Bigger better batteries: Electric buses are a great fit for battery-powered transportation. Buses are bigger than cars, meaning they can hold bigger batteries and travel farther distances. Some can go as far as 200 miles on a single charge, much longer than most school bus routes, and one bus model holds the world record of driving 1,101 miles on a single charge.

And it’s not just school buses transitioning away from diesel engines: cities are transitioning their bus fleets, too.

  • Los Angeles, home to the country’s second-largest bus fleet, plans to make all its buses electric by the end of the decade.
  • Seattle, which is served by King County Transit, has committed to over 100 electric buses for its fleet.
  • New York, D.C., and Louisville all have a handful of electric buses in their fleet; New York plans to be completely electrified by 2040. 

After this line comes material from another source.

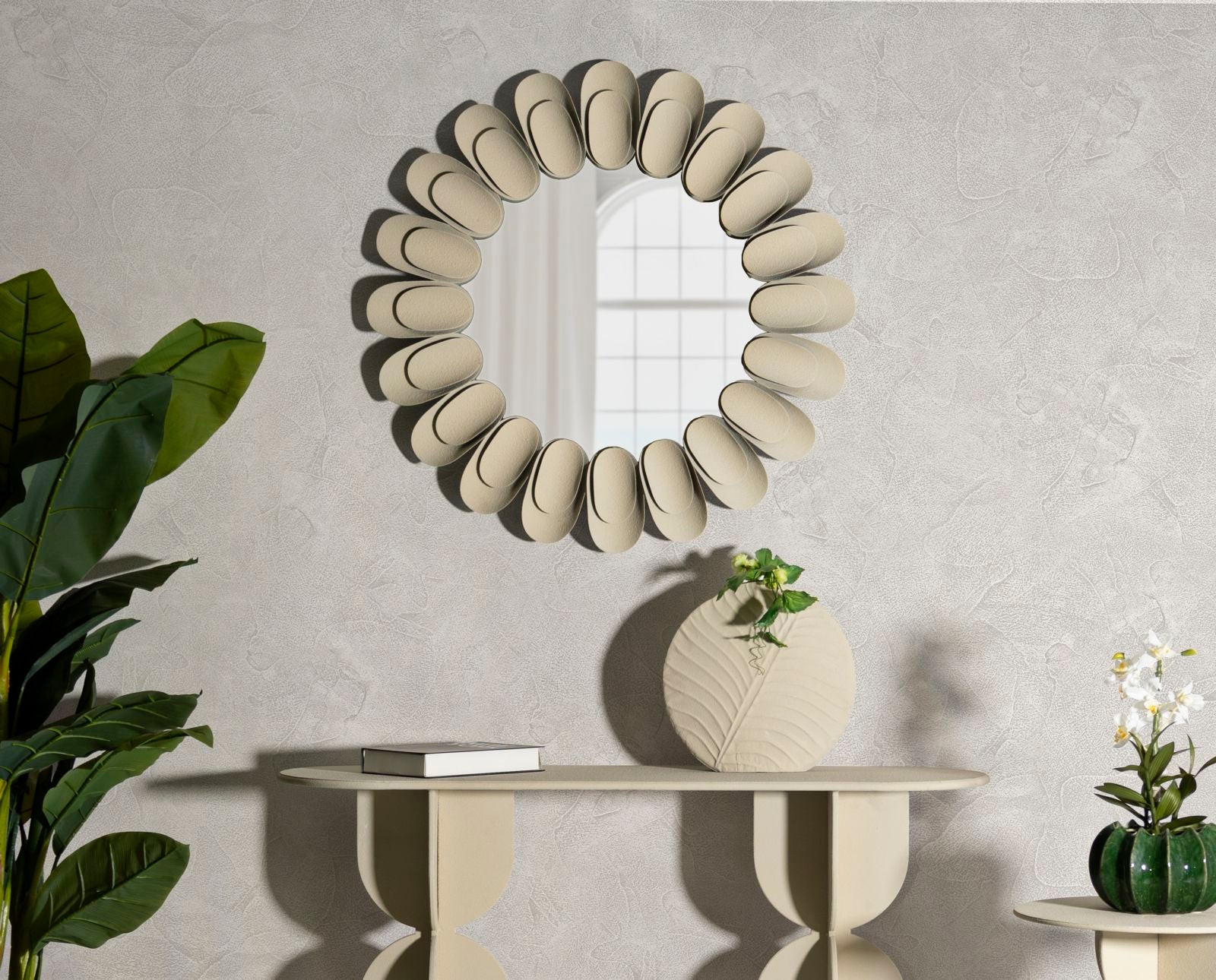 Crèmekleurige metalen wandspiegel, ø 85x6 cm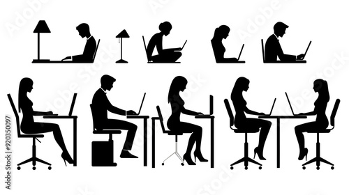 Silhouettes of people working on laptops in various postures and settings.

North American buses are only 1% electric, but around the world, the numbers are much higher. China’s fleet is 20% electric; Amsterdam’s 100 electric buses provide 24-hour service by refueling at charging points along their routes.

Electrifying medium- and heavy-duty trucks is also a sector with plenty of possibilities: in 2018, they were 6 perfect of registered vehicles but spewed out 23 percent of the transportation sector’s climate-damaging emissions. Because highways are often built through low-income neighborhoods and communities of color, the air quality issues caused by trucking are an environmental justice issue — and one that electrifying these trucks could help solve.